Thursday, September 20, 2012

its almost september.

obviously, i have been doing an amazing job of documenting the past few weeks/ months.

it is september.

mosquitoes, your days are numbered.

ladies and gents, i am a pregapottomas. but you knew that already.




in two days, Bean infant will be all of 12 weeks old. i have spent the past few weeks feeling less than amazing. apparently, a growing human is not a favorite neighbor of my stomach. i gag like a pro, but have managed to overcome getting sick every day after about a month of it. God is gracious!

this is my excuse for being so stellar at loosing track of the end of the summer.  

my heart is so ready for this new little one. april feels so far away! i cant wait for this baby to join our family.
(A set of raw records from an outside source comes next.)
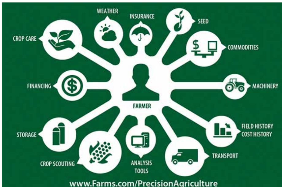
Der Landwirt als zentrale Drehscheibe beim Precision Farming

Inwieweit weitere Projektpartner wie z.B. Landtechnikfirmen, Softwarefirmen etc. ins Projekt integriert werden sollen, gilt es durch das Projektteam zu evaluieren.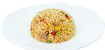
P5 Riso con manzo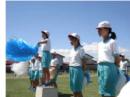
応援合戦「エール交換」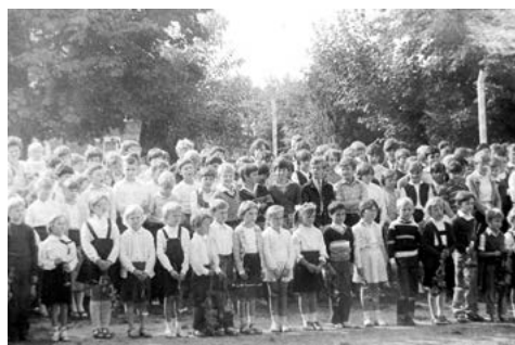
Rozpoczęcie nowego roku szkolnego – 1.09.1988 r.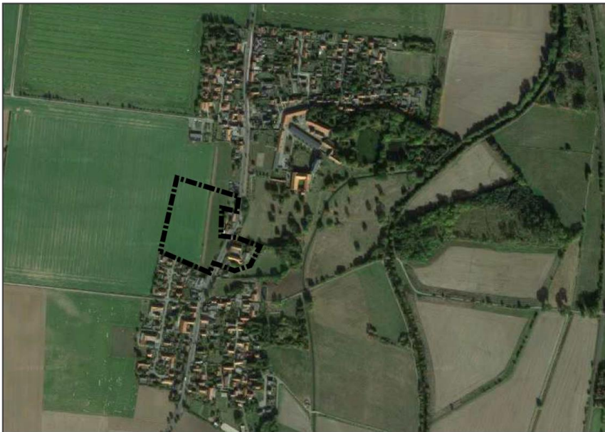
Abbildung des Geltungsbereiches, ohne Maßstab, © Google 2019

Im Auftrag von: Gemeinde Dorstadt Bahnhofstraße 6 38312 Börßum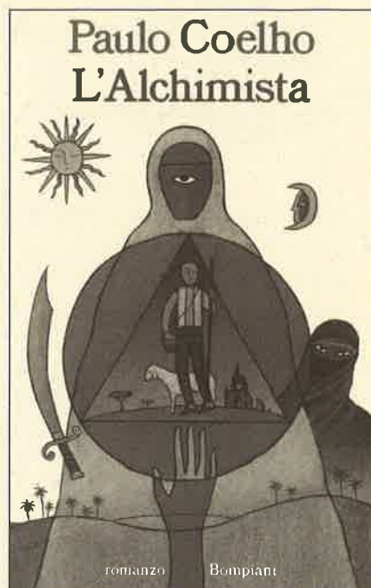
"L'Alchimista", di Paulo Coelho, Bompiani, p. 182, L. 26.000

Leilani is quite ready for a sibling. i know she will be a terrific big sister.

but oh my goodness. i am really struggling to keep up with every day life. i am so thankful to feel such improvement overall, keeping food down is usually the norm, and less makes me gag these days. but my energy comes and goes in frustratingly unpredictable waves, and my get up and go, got up and left weeks ago.
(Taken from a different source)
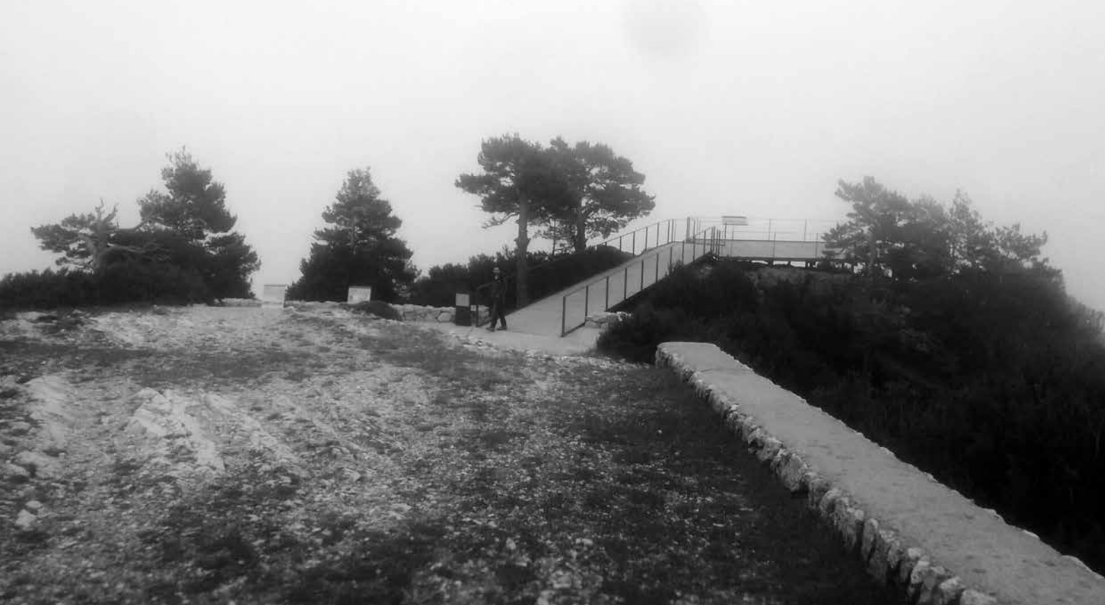
Al capdamunt del cim del Caro hi ha un mirador, que en aquesta imatge està lleugerament cobert de neu i força emboirat.

metres de desnivell positiu des de l'inici a la zona de la Caramella fins al final, al cim del Caro.

my house is never clean. and i am not being modest and heavy sighing over a sock in the livingroom and some toys scattered across the house. overflowing trash cans, piles of laundry (washed and unwashed) plates with breakfast on them from two days ago sitting on the table... don't get me started at the science projects trying to grow in my kitchen. its really a mess. food shopping and prep often feels like an insurmountable task most days.

i am not discrediting the value and importance of keeping Leilani clean and fed (for the most part), or the physical work it requires to grow a baby person. but i really feel frustrated with my inability to maintain a "put-together, everything is under control" environment. my heart always feels heavy as i try to determine how much of my lethargic attitude comes from the genuine physical restraints of the first trimester of pregnancy, and how much is the result of a slothful heart. and how much of my concern and embarrassment is the result of actual responsibility or is it just pride?

so yes. every day life feels kinda out of control these days.